## Available data:
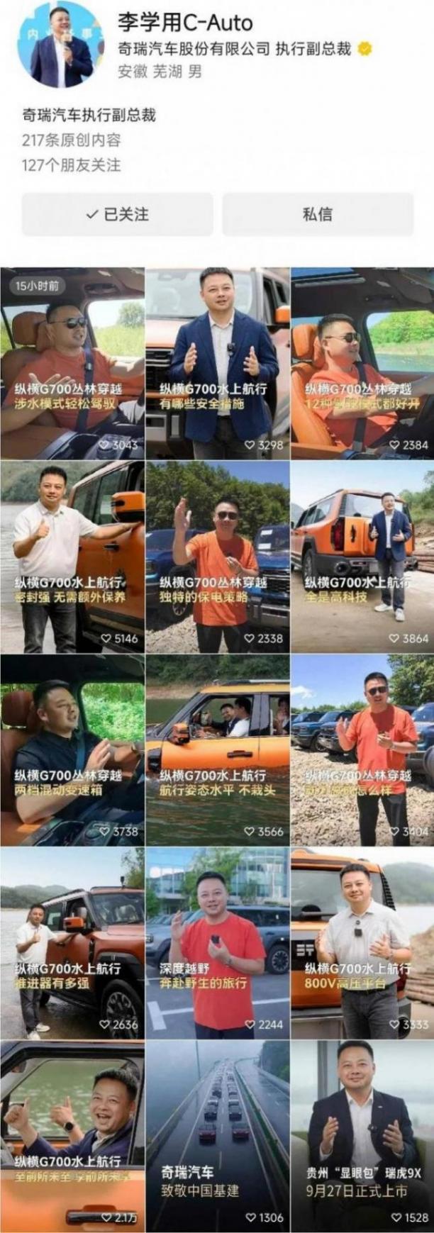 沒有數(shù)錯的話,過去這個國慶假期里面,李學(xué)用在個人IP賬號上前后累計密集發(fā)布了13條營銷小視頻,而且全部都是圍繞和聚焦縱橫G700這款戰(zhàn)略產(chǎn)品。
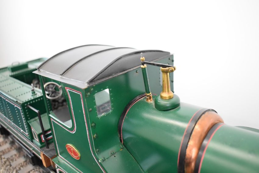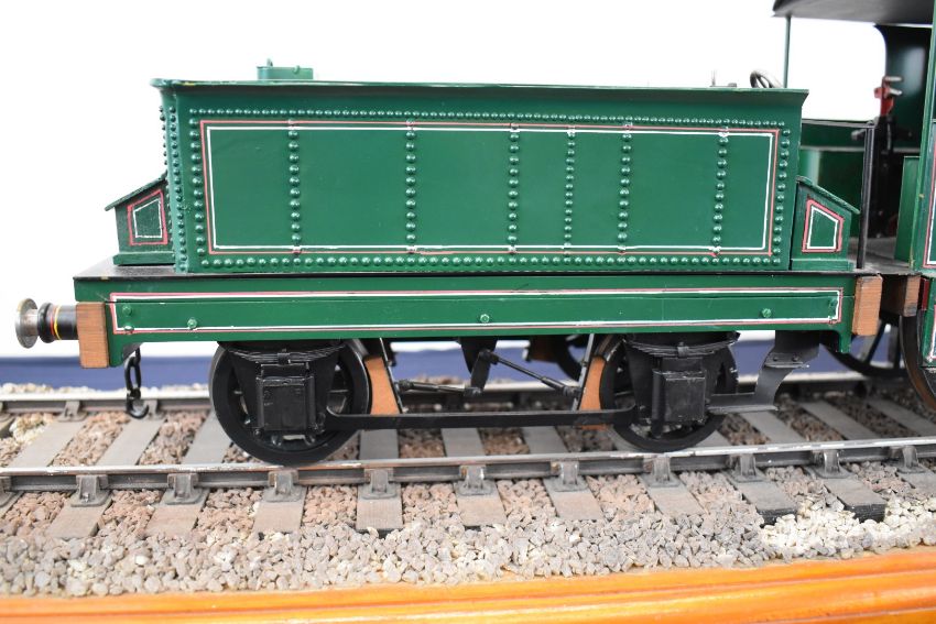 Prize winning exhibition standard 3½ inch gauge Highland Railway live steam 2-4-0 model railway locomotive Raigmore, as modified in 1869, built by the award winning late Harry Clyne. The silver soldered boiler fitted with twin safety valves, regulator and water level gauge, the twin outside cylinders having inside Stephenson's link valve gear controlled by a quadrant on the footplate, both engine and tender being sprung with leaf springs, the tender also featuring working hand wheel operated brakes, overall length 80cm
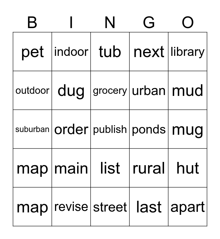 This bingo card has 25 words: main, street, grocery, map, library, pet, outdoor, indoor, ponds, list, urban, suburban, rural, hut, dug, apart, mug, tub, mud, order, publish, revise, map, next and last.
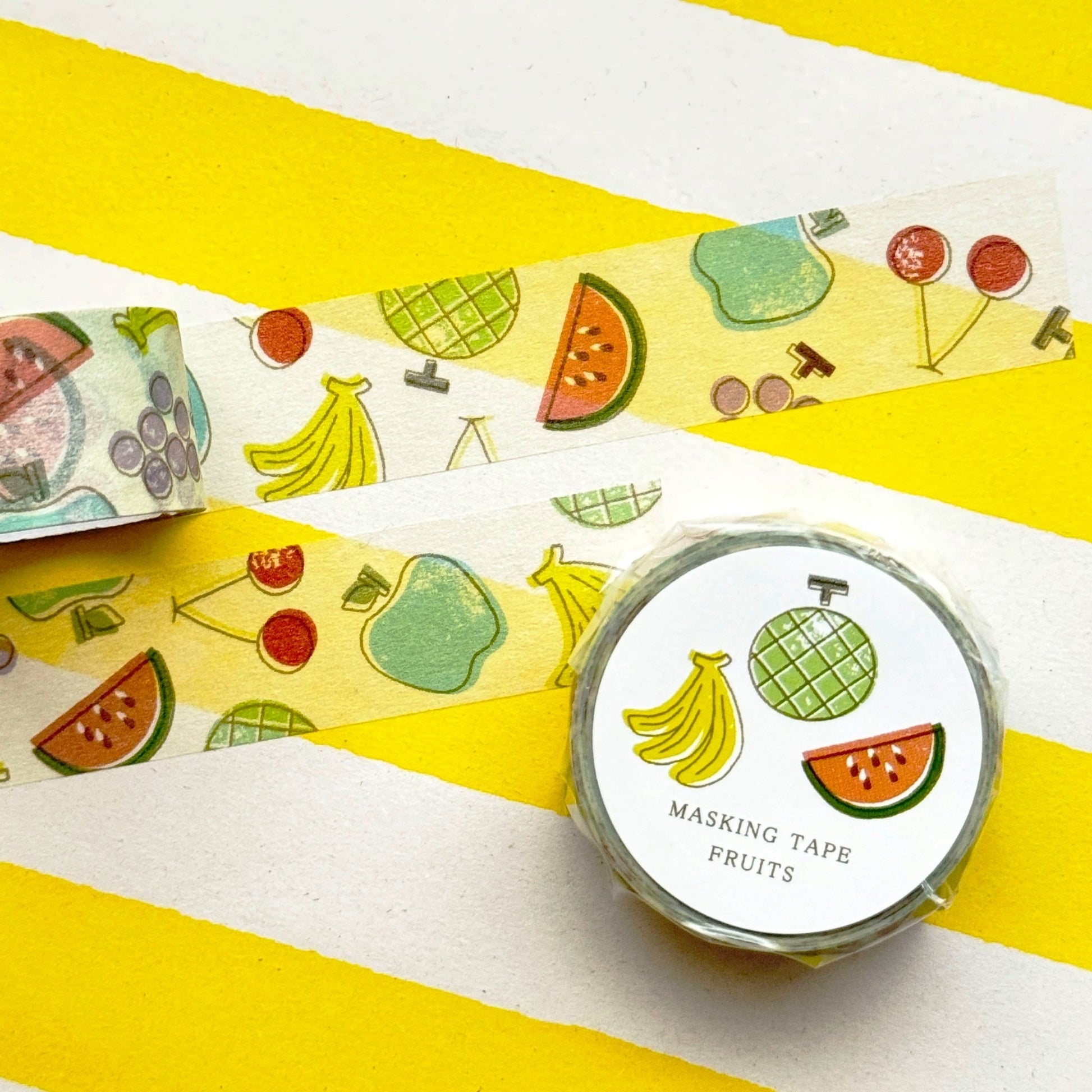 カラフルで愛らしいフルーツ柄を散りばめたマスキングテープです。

## What you will do:
Repeat nothing but the lines from the one containing "Prize winning exhibition" through the last line of the listing, both included, exactly as written, and omit any picture.

## Exercise output:
 Prize winning exhibition standard 3½ inch gauge Highland Railway live steam 2-4-0 model railway locomotive Raigmore, as modified in 1869, built by the award winning late Harry Clyne. The silver soldered boiler fitted with twin safety valves, regulator and water level gauge, the twin outside cylinders having inside Stephenson's link valve gear controlled by a quadrant on the footplate, both engine and tender being sprung with leaf springs, the tender also featuring working hand wheel operated brakes, overall length 80cm
 This bingo card has 25 words: main, street, grocery, map, library, pet, outdoor, indoor, ponds, list, urban, suburban, rural, hut, dug, apart, mug, tub, mud, order, publish, revise, map, next and last.
 カラフルで愛らしいフルーツ柄を散りばめたマスキングテープです。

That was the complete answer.